[Edinburgh-pm] a Perl surprise

Nick oinksocket at letterboxes.org
Wed Jul 18 10:31:14 PDT 2012


Hello,

On 18/07/12 14:36, Jeff Parsons wrote:
> I'd have expected the 8, yeah.
> 
> It's because there's no such thing as 'array context' in Perl, just scalar
> context and list context. Arrays can can be called in either context, but they
> themselves are not a context.

True, but I think you mentioned 'array context', not me... :)

> So really with the single scalar prototype it's just a list in scalar context,
> which as I'm sure you know will just store and discard each scalar to the left
> of a comma.
> 
> Notice that this is the same as your example:
> 
>  perl -le ' sub wtf($) { $_[0] }; @a = wtf (qw(6 7 8)); print @a;'
> 
> So what's really happening is qw(6 7 8) is getting assigned to $_[0] rather than
> @_, then the array, @a gets assigned the value of $_[0].
> 
> The fact that
> 
>  wtf qw(6 7 8)
> 
> is equivalent to:
> 
>   wtf (('6', '7', '8'))
> 

[...]

> That's actually incorrect and wouldn't be important anyway. '6' is 6 as a
> string, 6 is 6 as a number, they're not strictly the same thing. They're not
> stored the same internally and perl certainly won't just convert 6 to '6'
> unless you try to use 6 as a string.

To be honest, the quotes were an afterthought. The real point of that example is
the double brackets.    wtf(6, 7, 8) gets a compilation error.  wtf((6, 7, 8))
does not. And wtf qw(6 7 8) does not either, because of a diabolical combination
of Perl's grammar rules.

In agreement with General Wisdom, I also tend not to use prototypes, except
perhaps things like (&@).  However in this case I was attempting to use the ($)
prototype to try and force a function not to be "greedy", and instead consume
just one single argument.  The application is a configuration language - I'm
trying to warp Perl into a DSL.

   # (checks and balances elided)
   sub with($) { bless $_[0], 'With' }
   sub without($) { bless $_[0], 'Without' }
   sub combination { ... }

   # ...

   my $combination = combination (
      with [qw(toast eggs)],
      without ['gluten'],
      with [qw(sauce)],
   );

I could lose the square brackets and the prototypes and wrap everything in
brackets to coerce the functions to eat the right things:

  with (qw(toast eggs)), without('gluten'), with(qw(sauce))

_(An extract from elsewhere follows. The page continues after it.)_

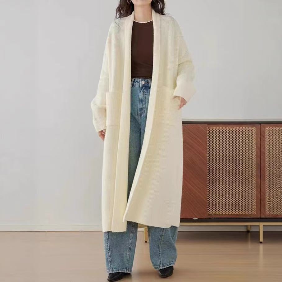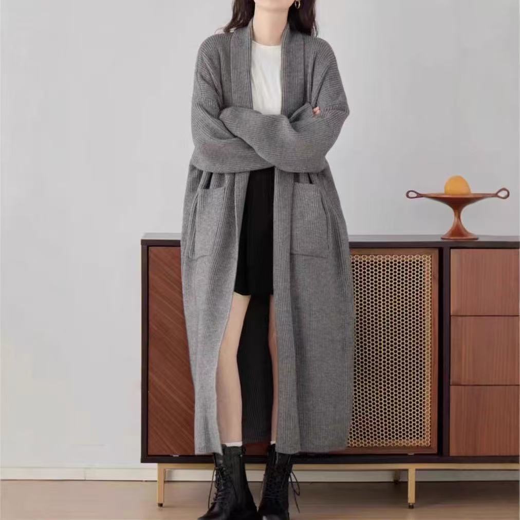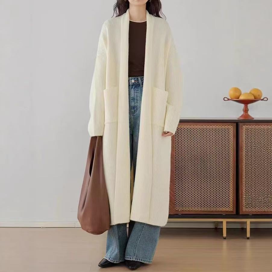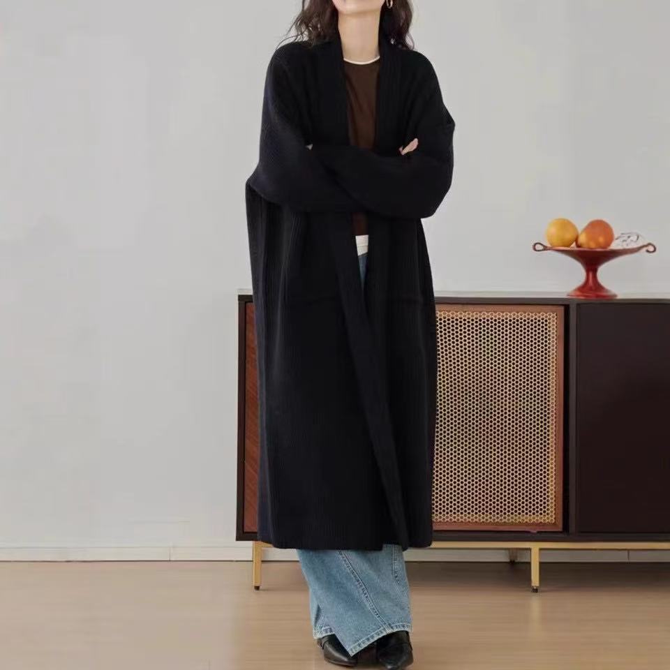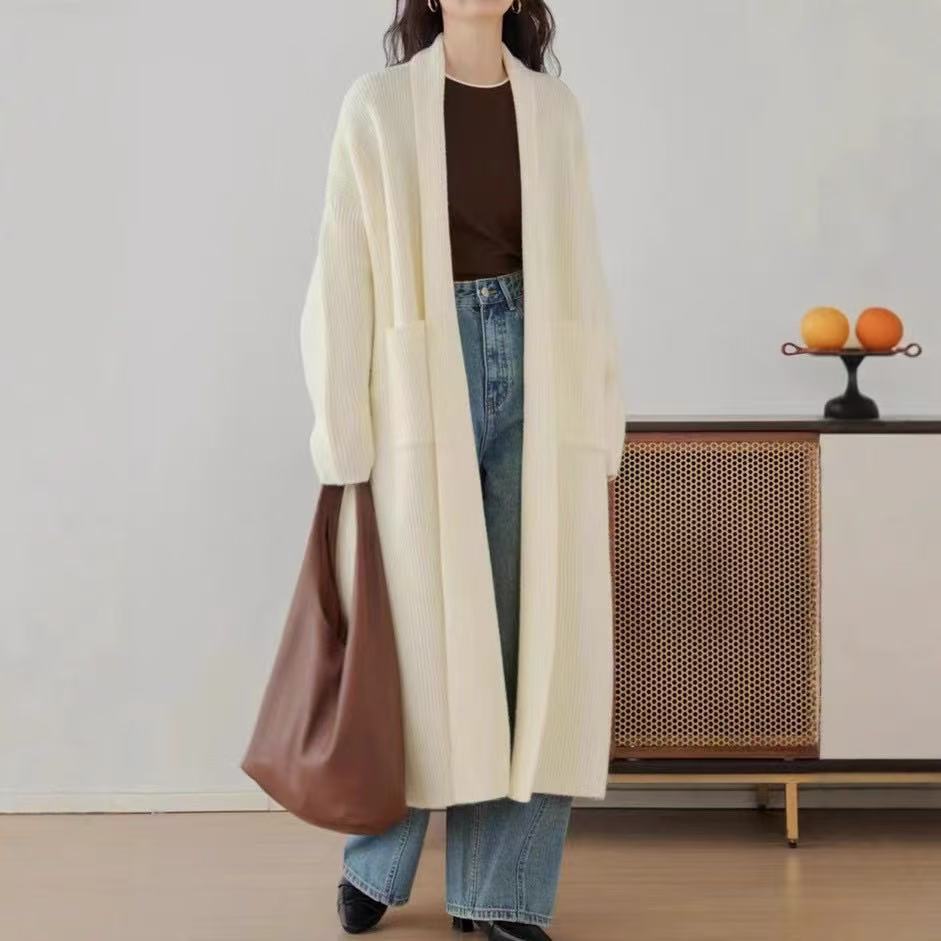 Women's Elegant Long Below The Knee Sweater Cardigan

But I wanted it to be robust so that if the brackets were forgotten, things
would fail safely rather than grouping in unintended ways.  (No, I'm not
convinced my alternative is entirely better, but... this is an experiment.)

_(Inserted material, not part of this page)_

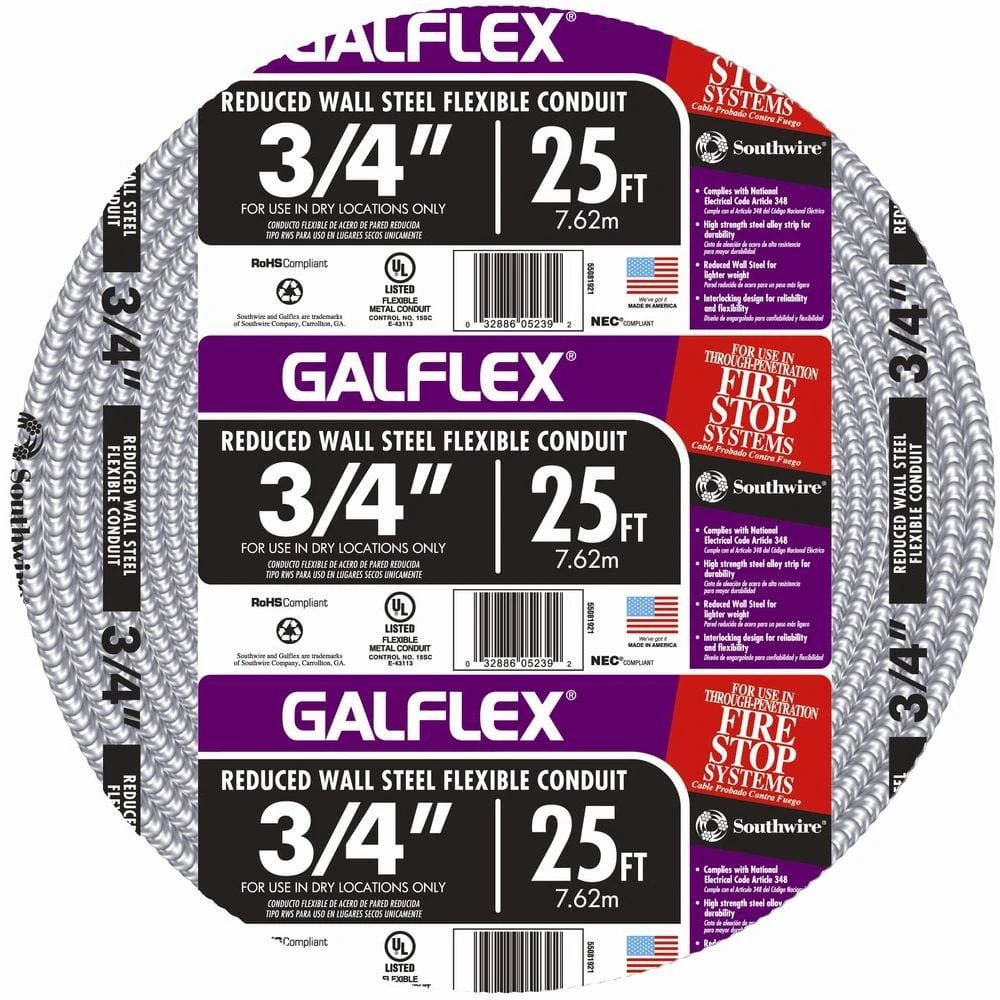 This 3/4 in. x 25 ft. Flexible Steel Conduit can be used for motor feeders, branch, control circuits, cables, elevators, escalators, cranes, hoists and electric signs. NEC type designation. UL and CSA listed.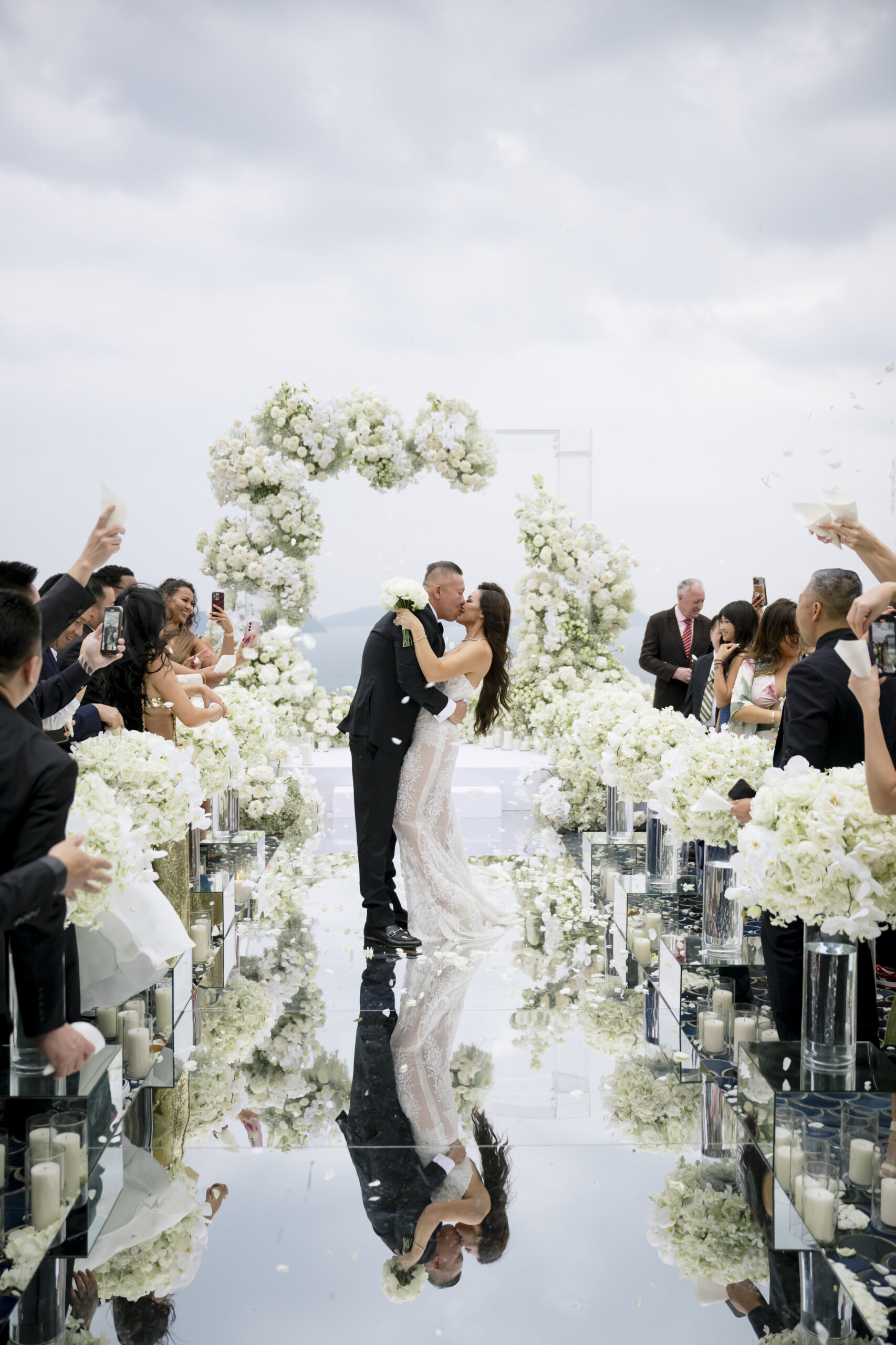 A bride and groom kiss at the end of a glass aisle, surrounded by white flowers and cheering guests. This modern luxury wedding scene features a cloudy sky and a heart-shaped floral arch behind the couple.

Also in the name of robustness, I want to highlight potential accidental misuses
of 'with' and 'without', such like this:

  combine with qw(toast egg), without qw(gluten);  # Error: 'toast' not eaten

Bad syntax should fail instead of doing something surprising. Except to my
annoyance, this gave me something even more surprising as discussed:

  my $stuff = combine with qw(toast eggs), without qw(gluten);

Here, 'with' gets 'eggs', but 'toast' gets discarded on the floor, a somewhat
obscure warning about void context gets printed, and things charge onwards to
disappointment and/or disaster.  Not good.

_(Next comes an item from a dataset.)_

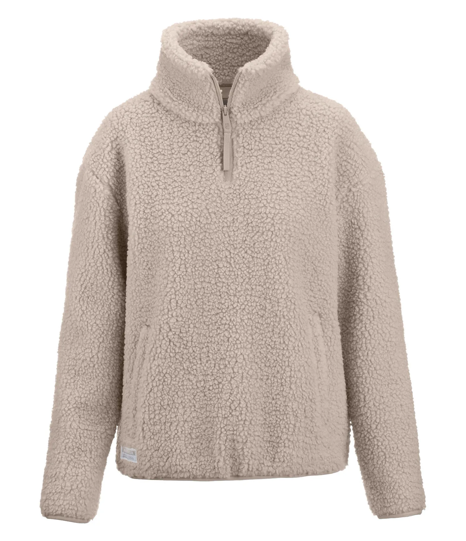 Pull-over doux en sherpa. Col montant zippé. Deux poches latérales doublées en polaire douce. Bord élastiqué en bas des manches et à la taille. Badge en tissu Felix Bühler. 100 % polyester.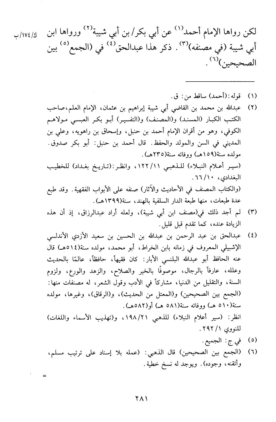 لكن رواها الإمام أحمد عن أبي بكر بن أبي شيبة ورواها ابن أبي شيبة في مصنفه ذكر هذا عبد الحق في الجمع بين الصحيحين

> The simple answer as to why what happens happens is internally, by prototyping
> with a scalar you're just causing a
>
> $_[0] = qw(6 7 8) to happen.
>
>
> Hope I was clear in my explanation!

Thanks - I think I do understand what's happening retrospectively - it was a
mostly rhetorical post - but the design of the grammar perplexes me somewhat -
that and its ability to trip me up in cases like this (and I'm not new to Perl
by any means).

Cheers,

N

ps

> Regards,
> Geoff

You seem to be both Geoff and Jeff simultaneously?